Софья Перовская
Шрифт:
Лавров призывал молодежь вырабатывать из себя «критически мыслящую личность» и тогда уже идти «в народ» проповедовать социалистические идеи. Он верил, что число пропагандистов будет расти в геометрической прогрессии. Один пропагандист передаст свои знания и охоту пропагандировать хотя бы десяти, а каждый из этих десяти, в свою очередь, еще десяти.
Бакунин тоже звал молодежь «в народ», но не когда-нибудь потом, а сейчас, сразу. Звал не пропагандировать, а агитировать «действием» — вызывать бунты, организовывать всенародное восстание. Он считал, что народ готов к революции.

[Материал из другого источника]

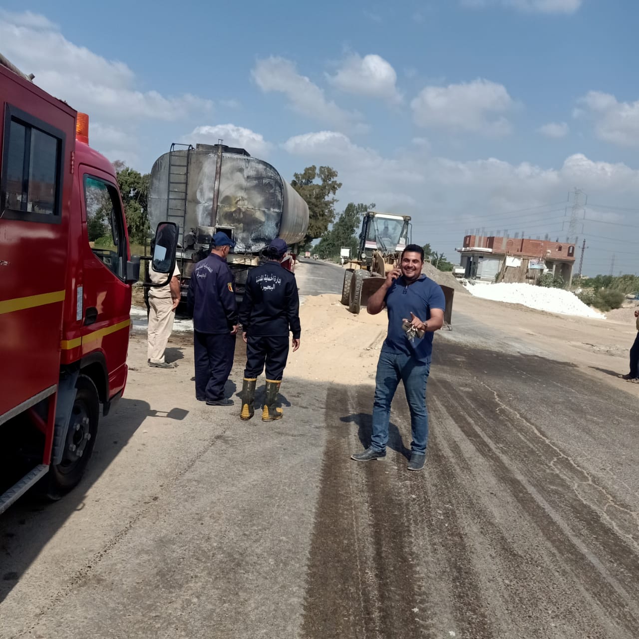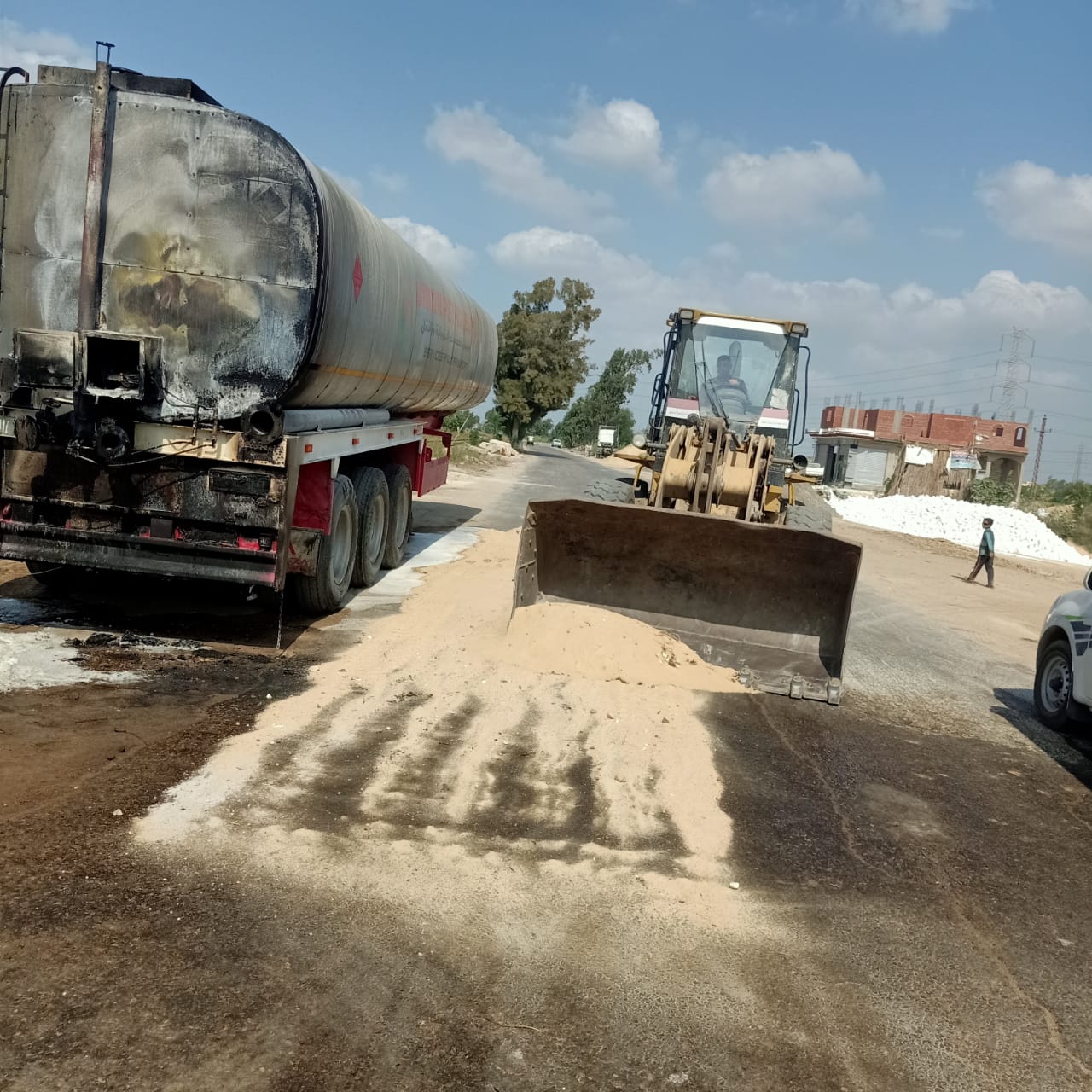 اشتعال النيران في تنك سيارة بمقطورة
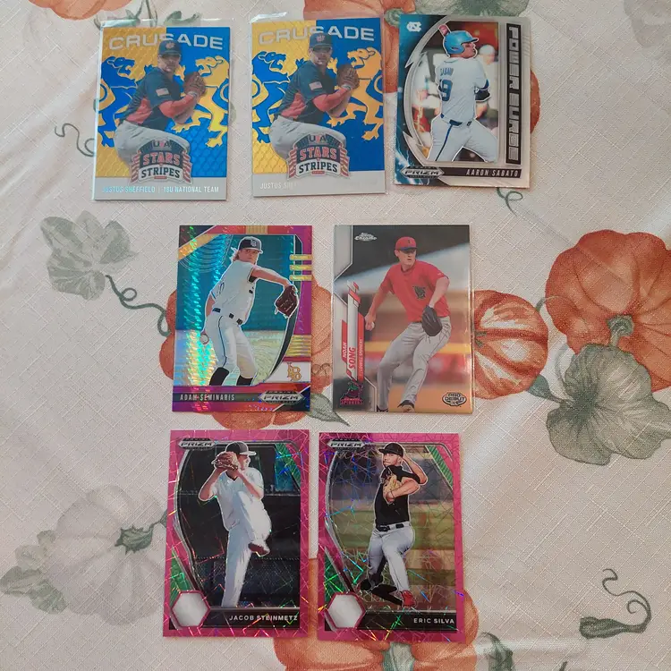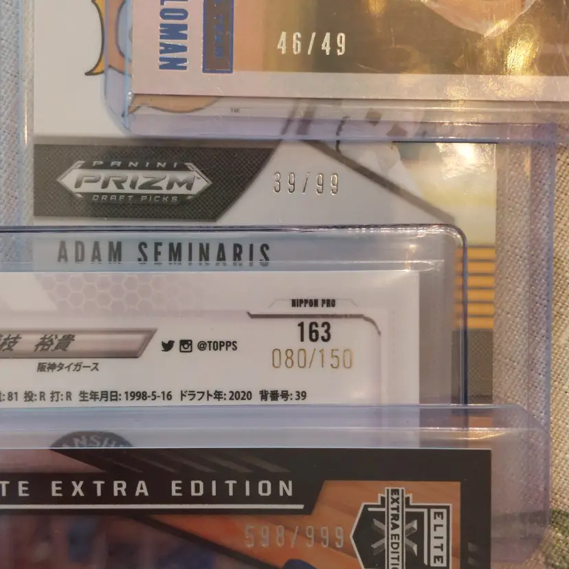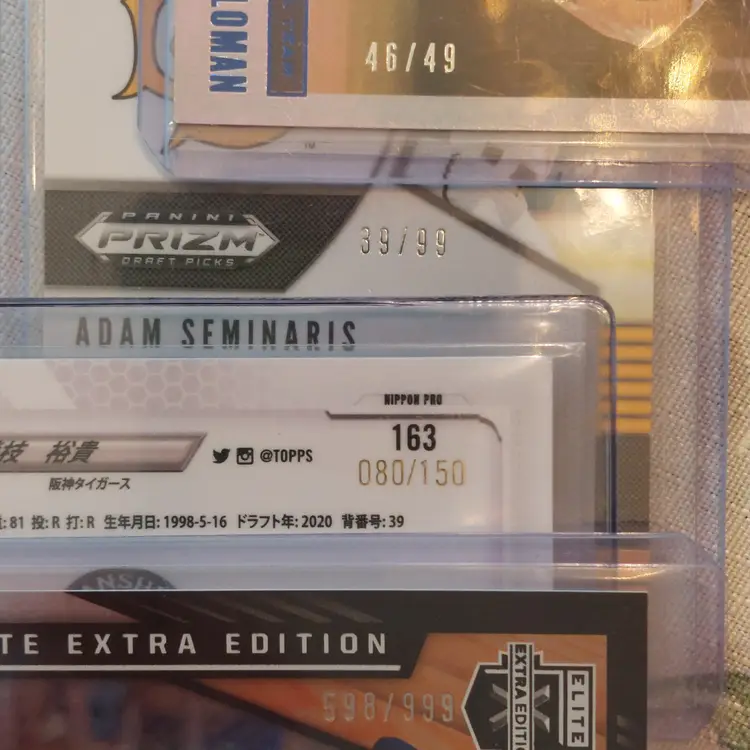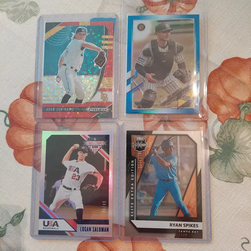 Logan Saloman #46/49. 2020 Panini USA Baseball Stars And Stripes. Adam Seminaris #39/99. 2020 Panini Prizm Draft Picks red donut circles Parallel. Yuki Sakaeda #80/150. 2021 Topps Chrome Nippon blue parallel. Ryan Spikes #598/999. 2021 Panini Elite Extra Edition.
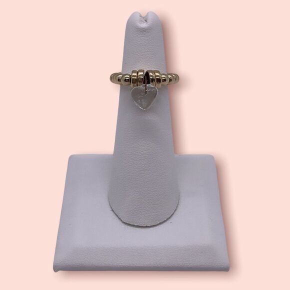 NWT Wool + Pepper Co. Glass Heart Beaded Ring - Gold & Clear Glass
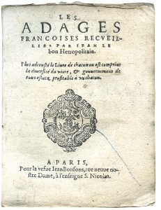 N° 55·LE BON (Jean, dit L'Hétropolitain) — Les Adages françoises. — Plus adiousté le Livre de …
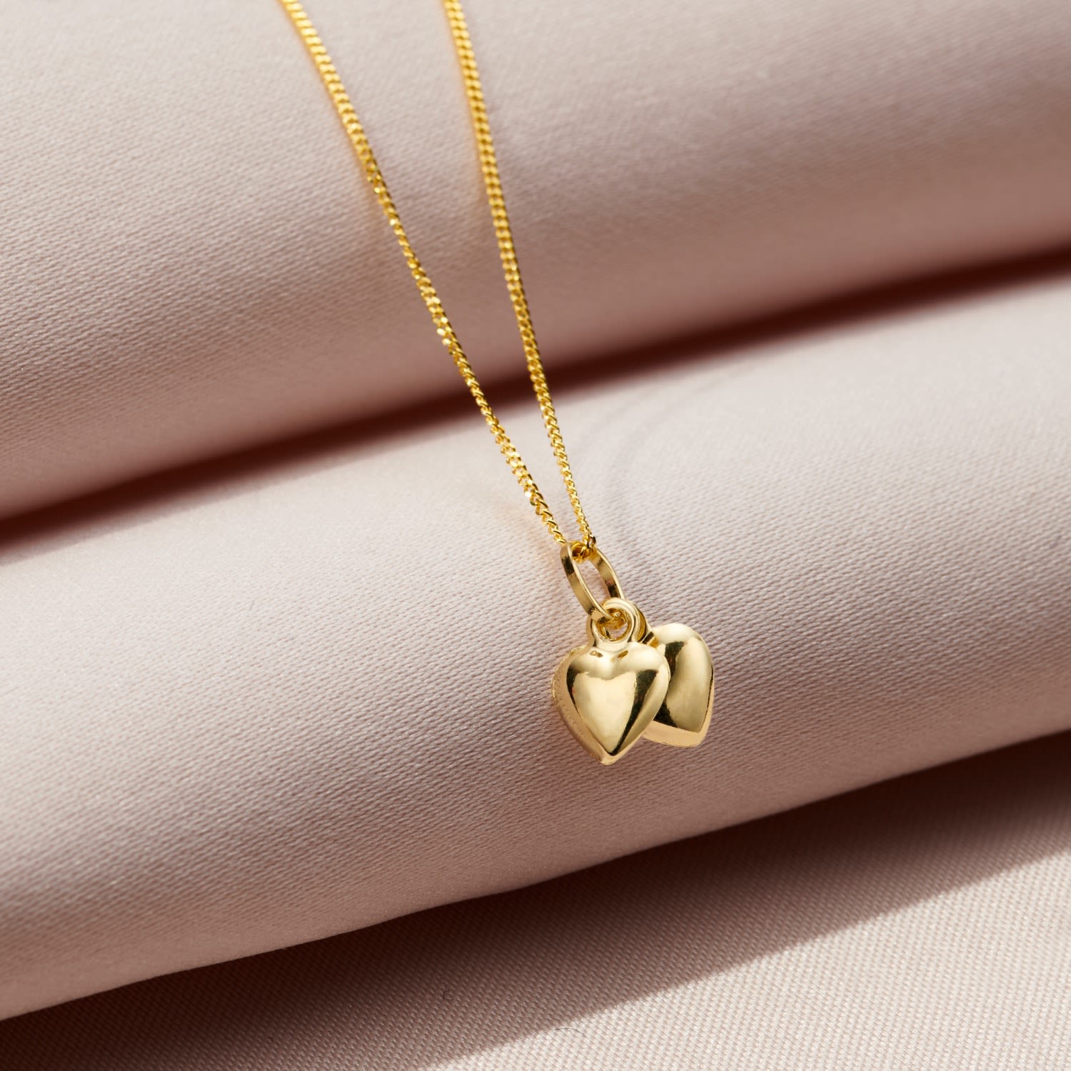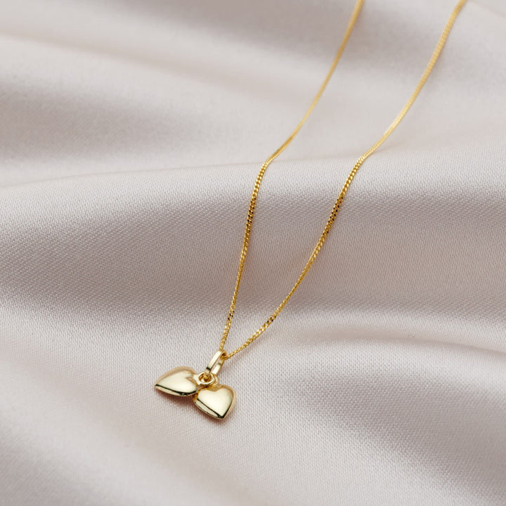 9Ct Gold Double Heart Charm Necklace

«Мы, — писал о чайковцах Чарушин, — не были ни лавристами,
Революционная молодежь в большинстве своем стремилась в деревню и на занятия с рабочими смотрела только, как на переходный этап. Отдавая себе отчет, насколько велика в России пропасть между интеллигенцией и народом, она принимала, как аксиому, что к народу надо являться в его обличье.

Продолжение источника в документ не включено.